Running away from home

We’re having a frank conversation.

‘Did you ever run away from home, Mummy?’ she asks. We’re having lunch, just the two of us because it’s a Tuesday and she’ll head back to school in an hour (Swiss school hours…go figure).

‘No, but once when I was about your age I packed a bag and hid it around the side of our house,’ I tell her. I remember it well, that feeling of excitement and anticipation, deliberating over what to include and what to leave out, already mourning the loss of everything I knew, but picturing myself sleeping under a hedge and chewing on the sandwich I would make sure to include. After the sandwich the dream always became a little blurry, although I knew that there would be many adventures, that it would never rain, and that I would find kindred spirits along the way. Just like in all the books I’d read.

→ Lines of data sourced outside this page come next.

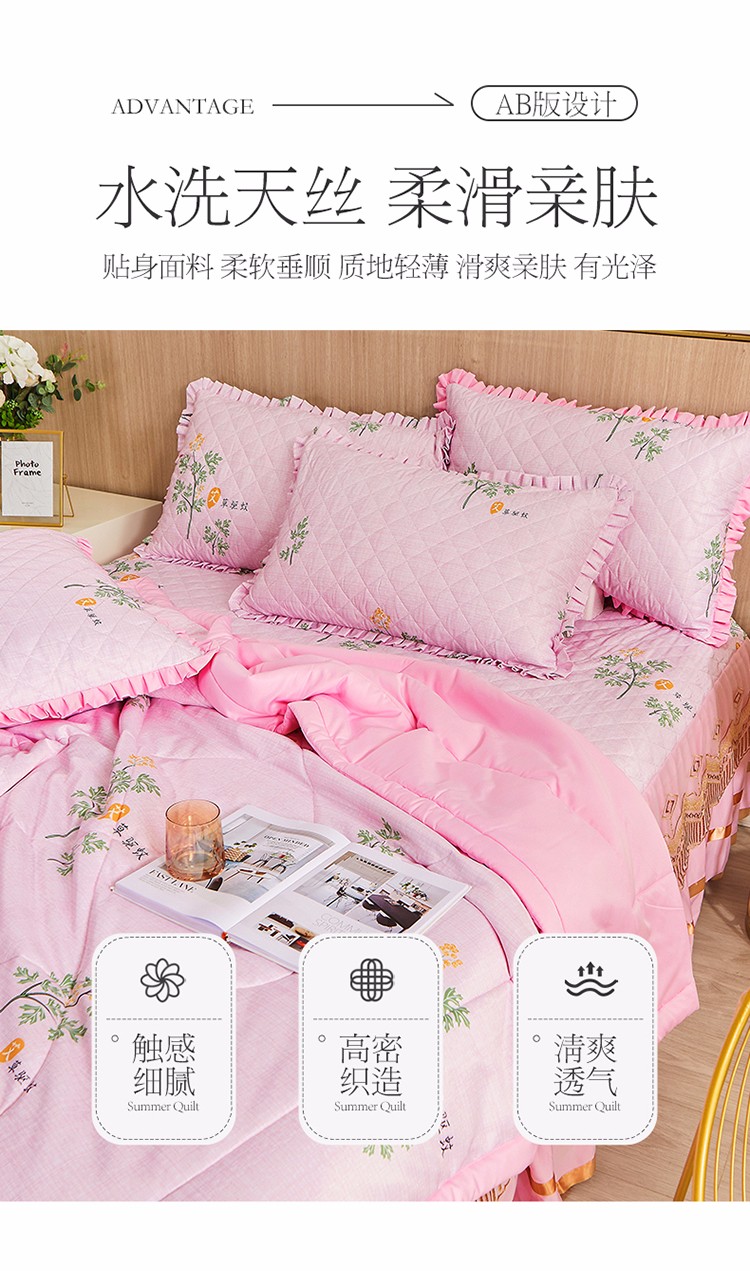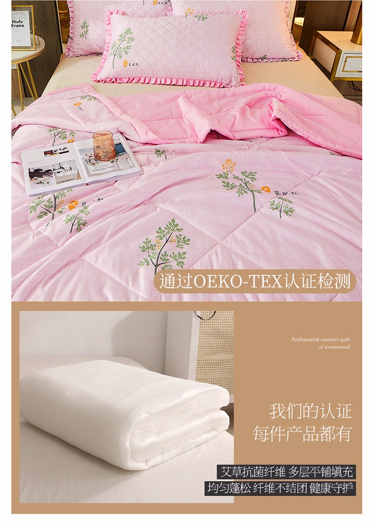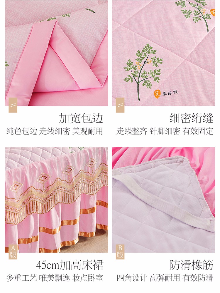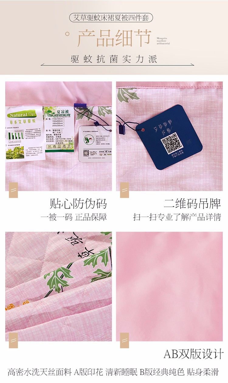 当前位置: 91家纺网 > 商品网购 > 被子 > 夏被 > 情恒家纺 2025新款艾草驱蚊抗菌床裙夏被四件套 清新粉
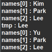 System.out.println("names[" + i + "] : " + names[i]);
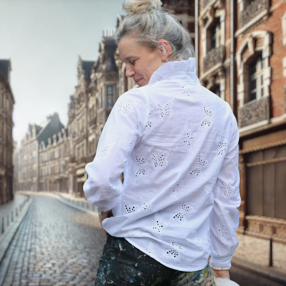 Voici la ravissante Marthe petite soeur de Myrtille, pleine d'élégance avec son col à froufrous, rehaussé d'un centimètre cette année, et son décolleté modulable.
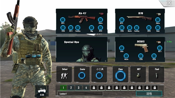 6、进入到关卡后,就可以开始自由的配搭装备了,一个玩家可以带两把武器进入战场里;

‘I’ve thought about it,’ she tells me, ducking her head just a little because, naturally, running away from home also means leaving her parents behind, and that’s sad. But I can see in her eyes that she’s had the same dreams I had when I was her age, and that makes me very happy.

‘What happened?’ she asks, and I tell her that by the time night time rolled around I’d reconsidered, figuring it was probably more fun to read about it than actually do it. And then I tell her that I think my mother actually knew what I was planning and she laughs at the idea of Grandma hiding somewhere and watching me pack my bag and make my sandwich.

‘I don’t think I’ll do it, either,’ she says, and I tell her I’m glad because I’d really miss her, but that I understand why she might want to, because books make anything seem possible.